PROMPT:
With both ends included, repeat exactly the lines of the entries below from the one containing "本次会议主要从研究生安全教育" down to the one containing "I also had a", and no others.

TASK INPUTS:
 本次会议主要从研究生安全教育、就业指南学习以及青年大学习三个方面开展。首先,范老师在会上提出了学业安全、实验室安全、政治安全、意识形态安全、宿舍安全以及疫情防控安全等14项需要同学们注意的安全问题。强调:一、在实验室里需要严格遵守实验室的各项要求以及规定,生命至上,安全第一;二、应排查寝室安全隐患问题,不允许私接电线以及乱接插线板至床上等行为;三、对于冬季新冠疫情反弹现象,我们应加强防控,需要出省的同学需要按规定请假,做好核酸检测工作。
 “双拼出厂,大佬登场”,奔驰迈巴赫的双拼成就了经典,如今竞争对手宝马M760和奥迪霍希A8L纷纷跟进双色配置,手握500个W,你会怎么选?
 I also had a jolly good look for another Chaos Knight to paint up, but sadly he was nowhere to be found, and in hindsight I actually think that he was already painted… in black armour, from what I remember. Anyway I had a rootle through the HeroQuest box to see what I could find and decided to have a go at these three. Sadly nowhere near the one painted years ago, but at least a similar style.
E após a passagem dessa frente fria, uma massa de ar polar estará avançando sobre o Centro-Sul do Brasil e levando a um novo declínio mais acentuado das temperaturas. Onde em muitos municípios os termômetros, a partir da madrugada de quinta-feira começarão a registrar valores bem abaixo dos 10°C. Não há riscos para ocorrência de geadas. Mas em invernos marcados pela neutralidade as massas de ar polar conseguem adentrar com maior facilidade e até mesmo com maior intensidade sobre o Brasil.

--

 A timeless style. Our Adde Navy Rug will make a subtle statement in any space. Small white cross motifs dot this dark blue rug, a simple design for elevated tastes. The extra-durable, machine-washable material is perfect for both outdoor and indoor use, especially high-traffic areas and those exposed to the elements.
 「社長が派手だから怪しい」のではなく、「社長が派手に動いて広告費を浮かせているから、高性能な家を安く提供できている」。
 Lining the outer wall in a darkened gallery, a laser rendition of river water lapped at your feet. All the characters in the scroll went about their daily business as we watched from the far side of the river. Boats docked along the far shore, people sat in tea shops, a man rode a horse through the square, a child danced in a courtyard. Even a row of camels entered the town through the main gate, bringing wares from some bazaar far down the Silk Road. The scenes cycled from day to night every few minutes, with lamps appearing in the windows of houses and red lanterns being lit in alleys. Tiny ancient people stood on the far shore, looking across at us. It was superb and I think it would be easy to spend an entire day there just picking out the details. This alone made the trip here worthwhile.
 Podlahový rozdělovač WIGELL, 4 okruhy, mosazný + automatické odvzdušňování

==

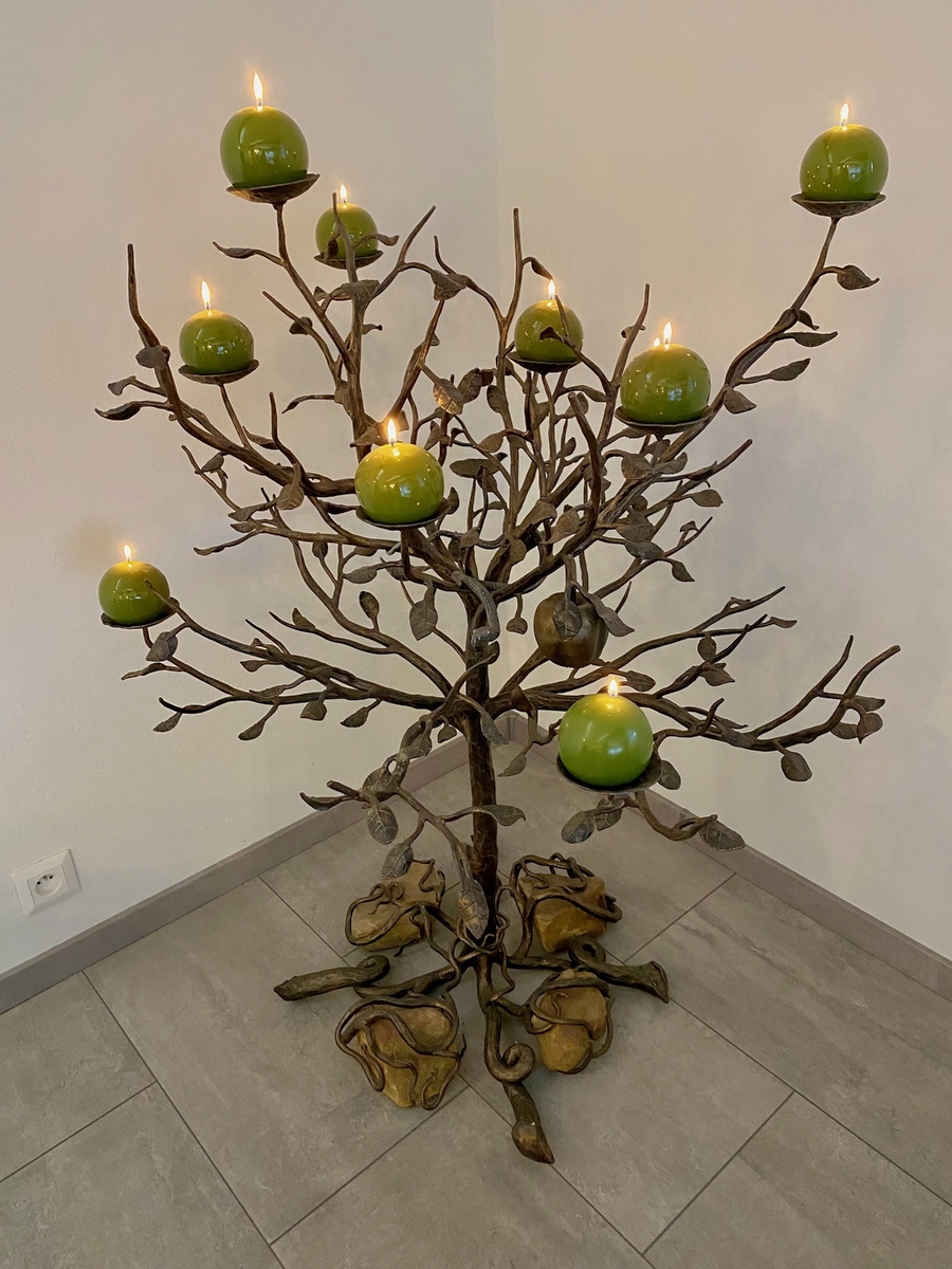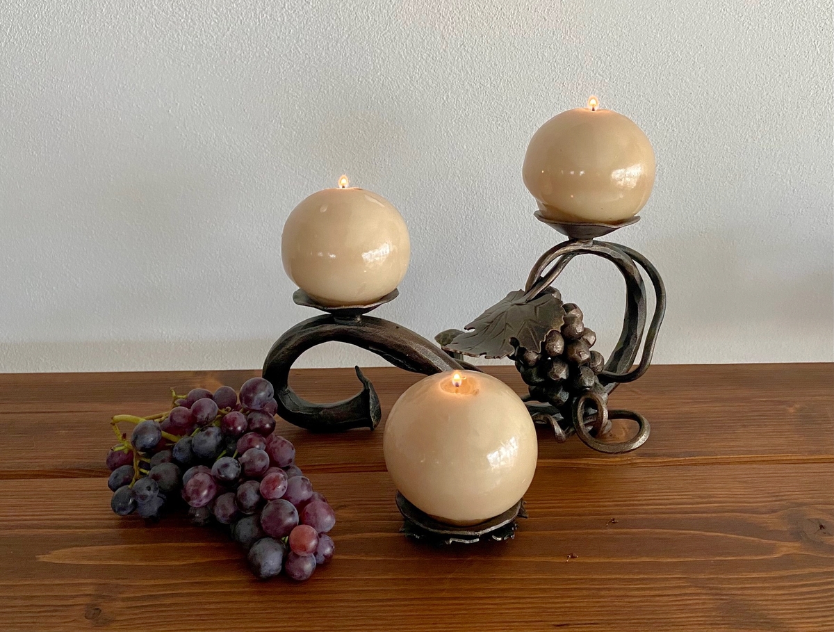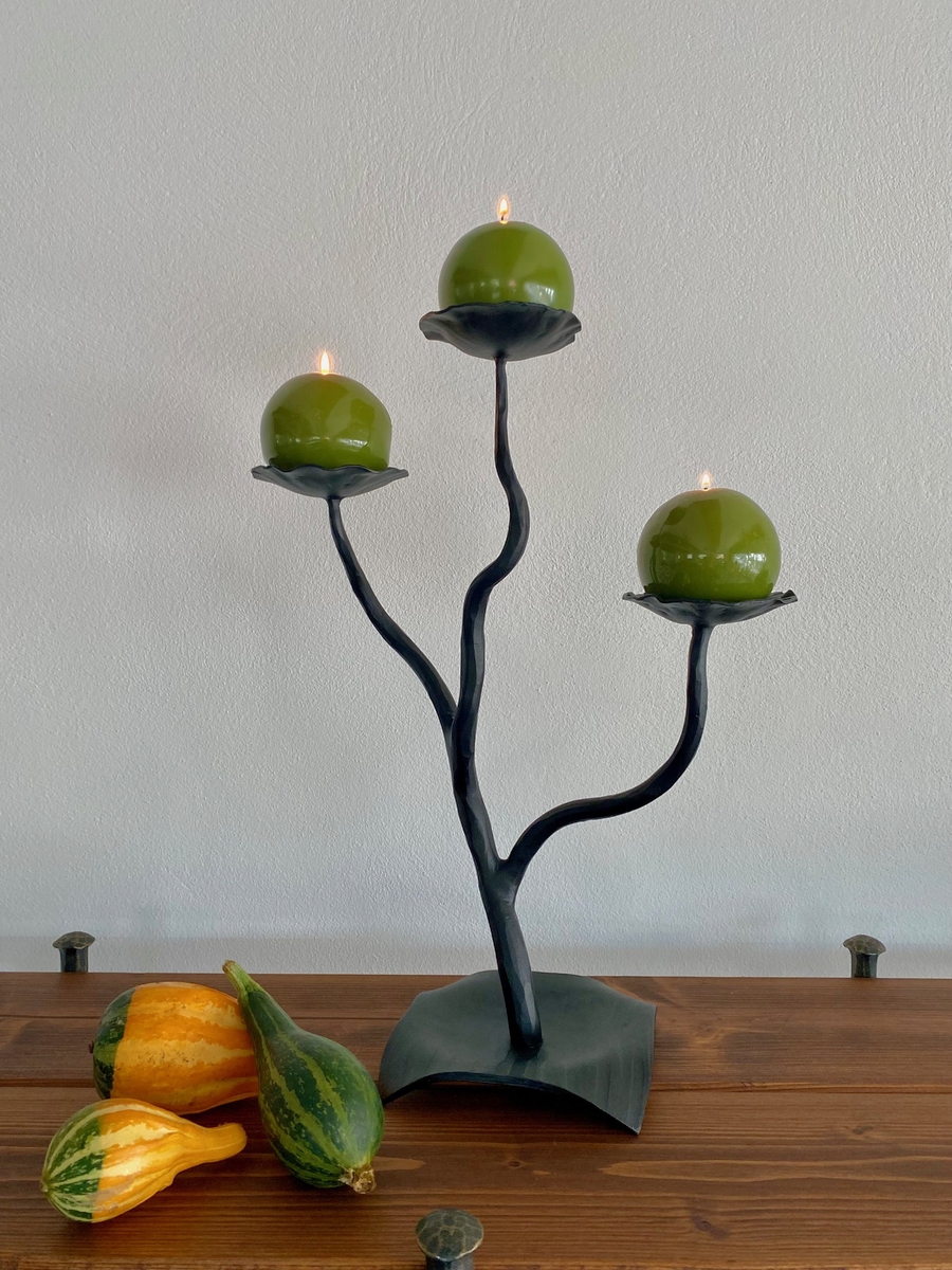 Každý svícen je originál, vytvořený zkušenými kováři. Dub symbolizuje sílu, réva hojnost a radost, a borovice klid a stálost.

YOUR SOLUTION:
 本次会议主要从研究生安全教育、就业指南学习以及青年大学习三个方面开展。首先,范老师在会上提出了学业安全、实验室安全、政治安全、意识形态安全、宿舍安全以及疫情防控安全等14项需要同学们注意的安全问题。强调:一、在实验室里需要严格遵守实验室的各项要求以及规定,生命至上,安全第一;二、应排查寝室安全隐患问题,不允许私接电线以及乱接插线板至床上等行为;三、对于冬季新冠疫情反弹现象,我们应加强防控,需要出省的同学需要按规定请假,做好核酸检测工作。
 “双拼出厂,大佬登场”,奔驰迈巴赫的双拼成就了经典,如今竞争对手宝马M760和奥迪霍希A8L纷纷跟进双色配置,手握500个W,你会怎么选?
 I also had a jolly good look for another Chaos Knight to paint up, but sadly he was nowhere to be found, and in hindsight I actually think that he was already painted… in black armour, from what I remember. Anyway I had a rootle through the HeroQuest box to see what I could find and decided to have a go at these three. Sadly nowhere near the one painted years ago, but at least a similar style.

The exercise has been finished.